Saved data entries:
◇ ◇ ◇ ◇ ◇

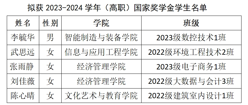 九江理工職業(yè)學(xué)院2023-2024學(xué)年國(guó)家獎(jiǎng)學(xué)金擬推薦名單公示
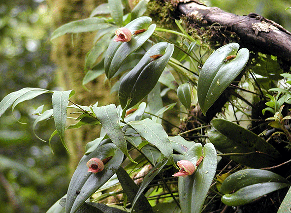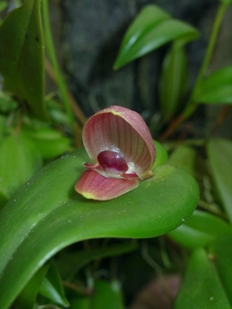 Found in Costa Rica and Panama as a small sized, warm to cool growing epiphyte at elevations of 1200 to 2100 meters with slender, suberect to horizontal ramicauls enveloped basally by 2 close, tubular sheaths and another on the lower half and carrying a single, apical suberect to horizontal, coriaceous, avate, acute, basally sessile and deeply cordate leaf that can bloom at any time of the year on a fascile of successive single [sometimes two] flowered inflorescence arising through a narrow spathe.
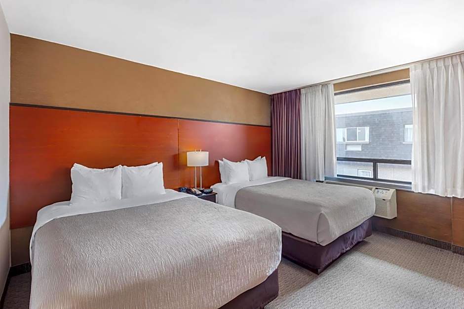 The Quality Inn Toronto Airport offers a variety of room types including Double Rooms with Two Double Beds, Queen Rooms with Sofa Bed, Business King Rooms, Queen Rooms with Two Queen Beds, and Queen Rooms. All rooms are non-smoking and have different sizes ranging from 205 sqft to 495 sqft. The occupancy for these rooms varies, accommodating anywhere from 2 to 4 adults and 1 to 3 children, depending on the room type.
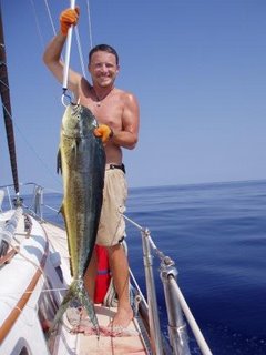 At 3:30pm, while Rod was below taking his afternoon nap and I was at the helm the fishing line that we were trolling with came alive. FISH ON!!! And it was a big one! Rod’s nap was over. I slowed Lucky Peek down while Rod started reeling in the line (we’re still using the caveman hand line). We could see the flashes of bright blue, green, and yellow in the water about 75 feet behind us and knew that we had a dolphin fish on the line (Mahi Mahi, not Flipper). And then it confirmed its identity and size by flying out of the water, dancing in the air and fighting hard against the pull of the line. What a sight! Rod was reeling it in, then letting some line out, then reeling it in. Meanwhile, my adrenaline is surging while I’m taking the boat out of gear, easing out the main sheet to slow us down, turning the auto-pilot on, getting the gaff out of the starboard lazarette, getting the big net out of the port lazarette, getting the long handle for the big net off the port side of the cabin top, attaching the long handle to the big net – dang it! I can’t get those metal knobby things to push in so the handle can click on! There, I got it! Getting a line and making a slip knot in it so we can tie it to its tail. Slip knot! I’ve just mastered the bowline, can I remember how to make a simple slip knot?! The pressure! There, I got it on the first try! Getting the giant bottle of cheap vodka (not the Ketel One) to use to stun and sedate the fish – I think I need a swig. Rod now has the Mahi Mahi alongside the boat. The colors are stunning and we could now see that we were about to bring aboard a 4 foot female. The male dolphin fish has a very distinct flat forehead and the females, like the one on our line, have a more rounded head. She was getting worn out and was not fighting as hard now. We can tell that she’s definitely not going to fit in the net but we want to try and stop her from swimming about and possibly losing her. She doesn’t like the net. When I put it in the water and try to scoop her head into it she goes crazy and dives deep – yanking the Cuban reel (caveman handline spool-like yo-yo thing) right out of Rod’s hands! Fortunately, one of the things I had done among my other frantic tasks was put the orange rubbery gloves on Rod’s hands earlier on in the reeling, so now he was able to hold directly on to the line. Now I’m using the big net on the long handle to scoop the Cuban reel out of the water! Got it! Rod suggests to me that I turn away as he needs to use the gaff on the fish to get it aboard. I do as he suggests. But then he needs my help – I am to take the line with the slip knot, loop it around the tail, pull it tight and tie the other end to the boat. I somehow manage this in between getting flipped in the head with wild tail flaps. We follow the advice of other fisherman and cover her eyes with a towel so she’ll calm down. She’s on the deck of the boat now. I’m giving her a stiff drink in the gills from the vodka bottle. I’m witnessing with my own eyes now what I’d read about and heard in other fish stories – as the dolphin fish gets anxious its colors actually change, and when they die all the colors fade away to a muted grayish green. As her color started fading my vision becomes severely blurred. I go to the cockpit and sob. (In fact my vision is blurring as I write this.) I may be a sailor but I’ll never be a fisherwoman.
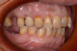 右側でも食事できるよう、インプラントまたは難しい場合は入れ歯での噛み合わせの再構成を計画していきました。
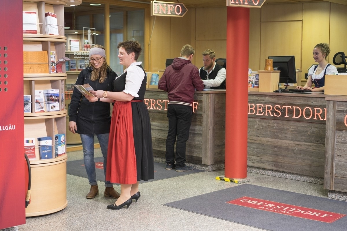 Der Ortsseitige Eingang vom Bahnhofsvorplatz der Tourist- Information verfügt über einen barrierefreien Zugang. Über einen Aufzug ist der Eingang über den Parkplatz zugänglich. Ob Jung oder Alt und mit oder ohne Handicap – jede*r ist herzlich Willkommen. An digitalen Touch-Displays im Innen- und Außenbereich kann sich der Gast auf der Oberstdorf App über Ausflugs- oder Veranstaltungstipps und Aktivitäten informieren. Auch Gäste mit einer Höreinschränkung können über ein mobiles Ringschleifensystem an einem eigens ausgestatteten Arbeitsplatz beraten werden. Das Gerät minimiert die Nebengeräusche, wodurch die Beratungsqualität verbessert wird.
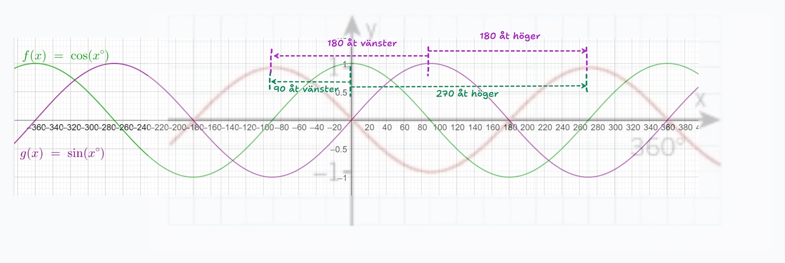 I och med att vi har funktionen y=sin(x+180) i bilden, måste inte y=cosx förskjutas 90 grader åt HÖGER för att vi ska få tillbaka våran sinusfunktion?
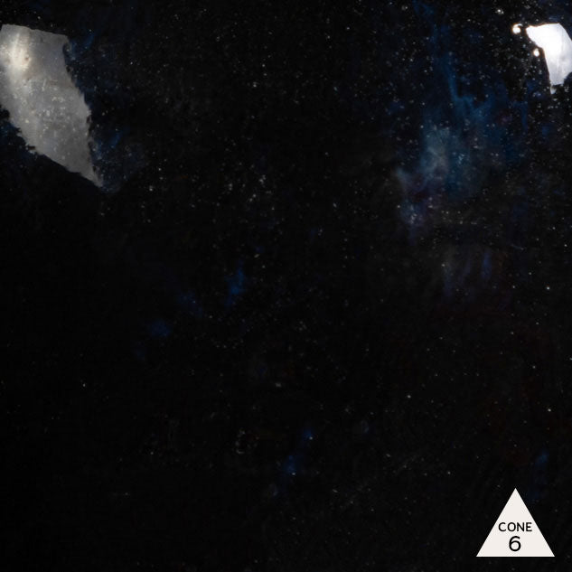 Cone 06 oxidation: Obsidian is an opaque black base glaze with variegated blue/green/brown crystals that melt.
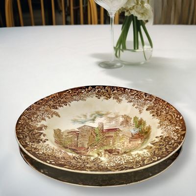 Tovaglia rotonda e sedici tovaglioli in lino naturale
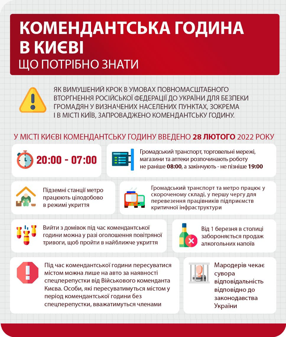 • Во время комендантского часа передвигаться по городу можно только на авто при наличии спецпропуска от Военного коменданта Киева.

◇ ◇ ◇ ◇ ◇

● PROBLEM TO SOLVE
Word for word, write out the lines from the top of the records above down to the line holding "The Quality Inn", inclusive, but not the pictures.

● WORKED SOLUTION
 九江理工職業(yè)學(xué)院2023-2024學(xué)年國(guó)家獎(jiǎng)學(xué)金擬推薦名單公示
 Found in Costa Rica and Panama as a small sized, warm to cool growing epiphyte at elevations of 1200 to 2100 meters with slender, suberect to horizontal ramicauls enveloped basally by 2 close, tubular sheaths and another on the lower half and carrying a single, apical suberect to horizontal, coriaceous, avate, acute, basally sessile and deeply cordate leaf that can bloom at any time of the year on a fascile of successive single [sometimes two] flowered inflorescence arising through a narrow spathe.
 The Quality Inn Toronto Airport offers a variety of room types including Double Rooms with Two Double Beds, Queen Rooms with Sofa Bed, Business King Rooms, Queen Rooms with Two Queen Beds, and Queen Rooms. All rooms are non-smoking and have different sizes ranging from 205 sqft to 495 sqft. The occupancy for these rooms varies, accommodating anywhere from 2 to 4 adults and 1 to 3 children, depending on the room type.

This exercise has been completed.